When we arrived at the other shore, we moored, inflated ballasts and
delicately removed the dome to check the oring and force on retainer strap.
We noticed the oring had a pinch point towards the dome pressure seat, so
we cleaned and re-placed it in a way to keep low pressure tightness. We
also added 1mm spacer between the dome and retainer strap to increase the
strap down force, and ensure a large enough oring compression so the dome
rests on its seat with no gap. the general theory says that a gap should
not be an issue as when you dive, the force closing the gap should be many
times higher than the force pushing the oring in. But here a combination of
waves, overpressure etc may have moved a bit the oring in at some point.

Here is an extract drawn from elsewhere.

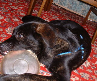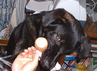 ←円盤形ガムをもらって一心にカミカミ中。
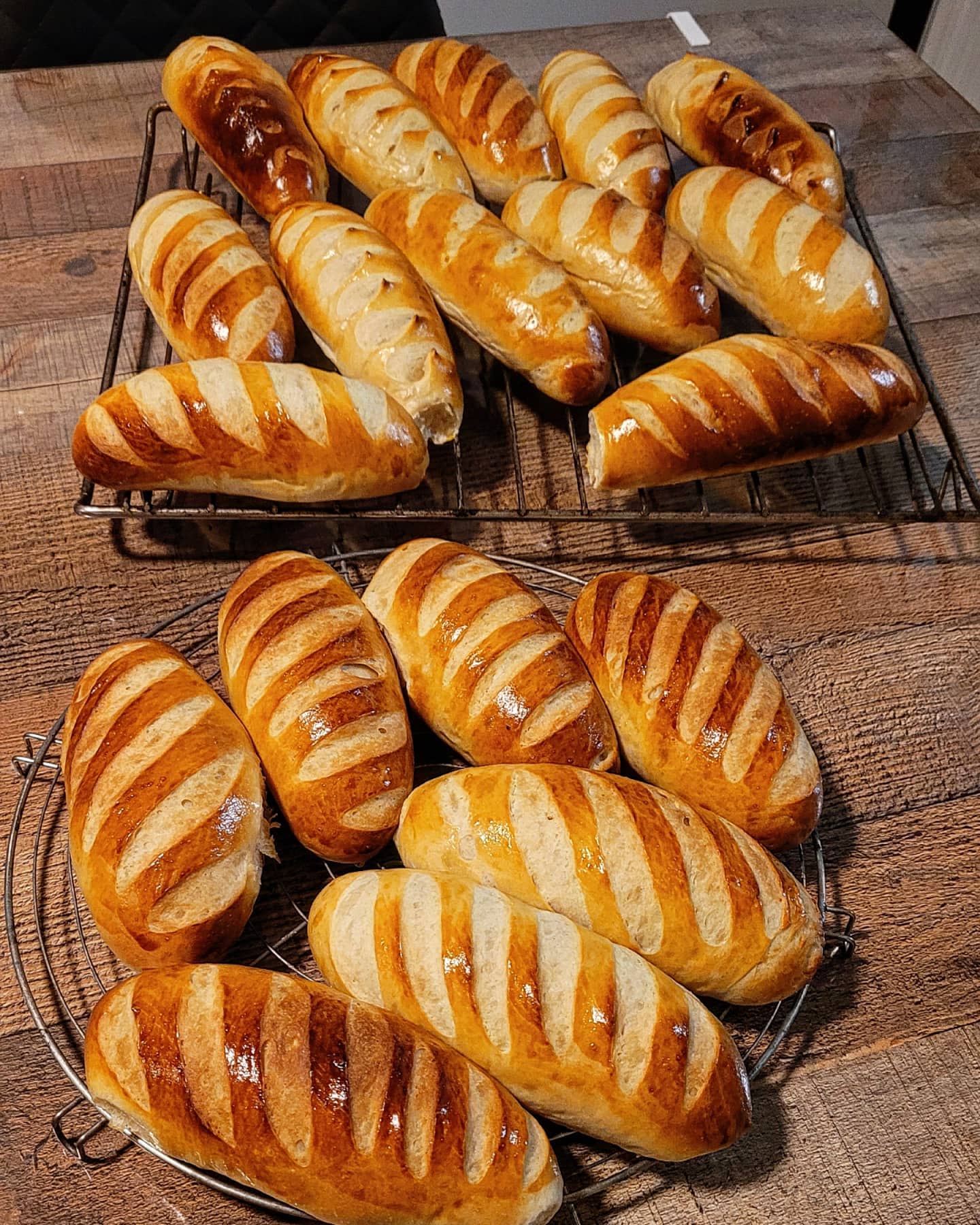 - Faites cuire 8 à 10 min jusqu’à ce que les pains soient bruns dorés foncés.

We also removed the prop to see if some debris could have caused the subtle
vibrations, but could not find any thing.



-After that we had dinner and landed the sub to spend the night near the
shore in less than 2m water depth. Deployed our anchor also to stay put. It
worked well. Inside the sub we deployed our bunker bed and tested switching
positions between Michael and I. We slept one after the other, so we could
check on O2 and CO2 levels. Comfort was not bad, because the bunker bed is
really nice, but space is really small inside. We can grab all the controls
and isolation valves in case of emergency, but you can t help but feel like
trapped inside... During the night we used the red lighting as in real
subs, to feel like in the submarine movies, it was really cool!



-Next day, after a beautiful sun rise seen from underwater, we went for a
dive to 10m water depth where we could have space above and below us to
really operate the water ballast and trim weight tray on rollers. Thanks to
our depth gauge, water circuitry and hand pump we could get in trim within
less than 1 kilo, and feel the inertia of piloting moves. It was really
good feeling piloting that thing in three dimensions. After the dive we
surfaced with our ballast and pedaled we got the rope in our large prop,
which led me go out, take a swim to cut it, and shorten the buoy rope as
our dive support boat had not arrived and our dive support was on the
shore. We ll probably add a duct around our prop... Then before I came back
in, some fishermen in another boat came and asked us whether we were fine,
they initially thought we were a boat upside down. It was funny seeing
their hallucinating faces.



  -we then had our own support boat come over and we went on for a stretch
of pedaling at 2m water depth. We could measure our speed at 1.2kt which
falls in the ball park we anticipated. We may gain some without a buoy, and
once our composite shells are polished, and also with a more stable
steering than what we had (the short buoy rope attached to the front of the
sub made it difficult to keep a stable course). On the other hand adding a
duct around our large prop may decrease our speed. But a duct would also
increase a bit the power we can put in at 70rpm, so we might compensate
extra drag effect on speed by extra thrust.


-Over the week end in the sub, we managed to log quite a few hours with our
scrubbers. We reckoned we got over 200LCO2 /kg of sodasorb, which is better
than the typical figure given by the manufacturer (185LCO2/Kg). The
scrubber starts being less efficient indeed at around that amount but we
can still manage <1% in the cabin some time after that. On top of that, we
have probably extra absorption capacity from our nearly worn scrubbers as
we saw it can still run with an exhaust lean in CO2 in parallel or series
to our second fresher scrubber. But it is difficult to measure how much we
can extend the absorption capacity with this technique.